When they were fifty yards from Andrew, movement caught Kendra’s eye, and she pulled the gun from its holster, tracking the shape.
“Don’t shoot!” someone called.
“You hav
e to be kidding me,” Roland muttered.
Reverend Shelley Morris emerged from the shadows, hands in the air, dirt covering her face. “Bear with each other and forgive one another if any of you has a grievance against someone. Forgive as the Lord forgave you.”
Kendra lowered her gun, and couldn’t help but roll her eyes.
THIRTY-FIVE
Roland
Roland could recognize someone off their rocker, and it was obvious Morris had cracked. She’d never seemed young, but being in the woods for only a day had aged her a good ten years. Maybe it was the detoxing from her Communion water that had done it. Roland was sure the woman had been at least double-dosing.
“Stay where I can see you, Morris,” Kendra said authoritatively. It was amazing how kind and tender Kendra could be at one moment, and the next she seemed like she’d be able to tear your heart through your chest. He imagined she must have made one hell of an FBI agent.
Morris froze with her arms in the air.
“We’re out of time,” Roland whispered, staring at the resetting robots. “We have less than a minute.”
Maybe he was wrong about the EMP. In his mind, something like that would fry the circuit boards, rendering them useless. If that was the case, they had nothing to…
The ground vibrated as all seven of the robots blinked to life.
“Dammit!” he shouted. “What do we do?”
Kendra frowned, but he could almost hear the thoughts churning inside her head. “We get to the others.

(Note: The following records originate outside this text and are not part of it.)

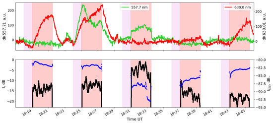 Upper panel: a fragment of data presented in Figure 3. Variations in the emissions intensity at nm and 630.0 nm (upper panel) from the photometer data (integration time 1 s). Lower panel: the ionospherically reflected PW signal (black) and SEE intensity averaged over the frequency range kHz (blue).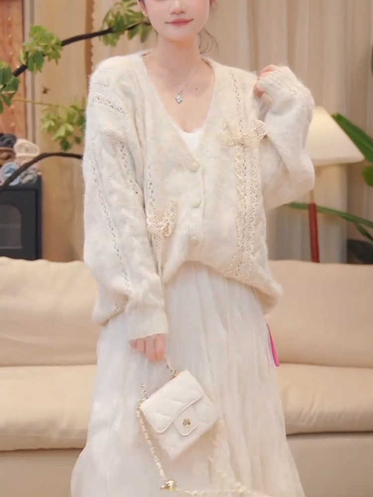 法式蕾丝蝴蝶结杏色开衫毛衣女宽松温柔减龄慵懒风V领针织外套女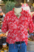 This Haley Red Floral Top is a best-selling style featuring a bold red and white floral print and ruching details. Made of soft cotton, it offers both comfort and a chic, feminine look. With a trendy tie front, this top is the perfect addition to any wardrobe. 100% cotton
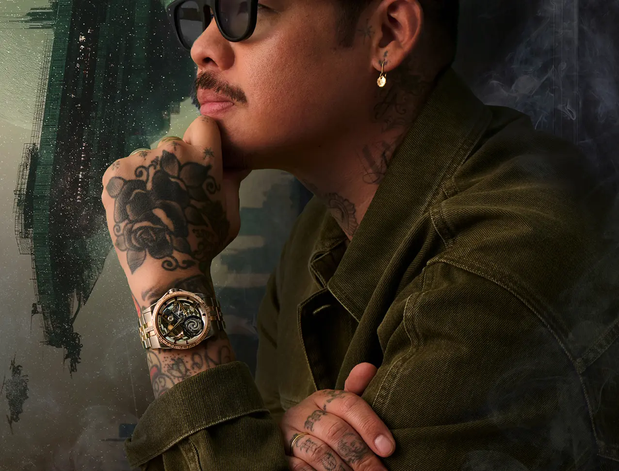 L’originale collaborazione tra Roger Dubuis e Dr.Woo è iniziata nel 2021. In un viaggio filosofico nello spazio, il tatuatore ha trasferito il proprio tratto distintivo sulle superfici dell’Excalibur Monotourbillon, veicolando il messaggio che “il tempo è il nostro bene più prezioso”.

We…”
“Will this help?” Morris asked. She held out a flute-like weapon in both palms, like she was handing over an important artifact in an ancient ritual.
“Where did you find this?” Kendra asked her.
“Outside camp. After the commotion.”
Kendra snatched it. “You know how to use this?”
Roland nodded. “I think so. I saw your friends firing them.” He powered it up with the slide of a pointed button. It hummed in his fingers, and he turned it toward the first robot, now climbing to its feet. The thing’s visor flickered yellow, red, then stayed green. Roland fired the weapon, missing. He steadied his hands, trying to calm himself, and tried again. This time the blast cut through the robot, making a circle the size of a volleyball through its chest. Sparks erupted and it dropped to the grass, this time face-first.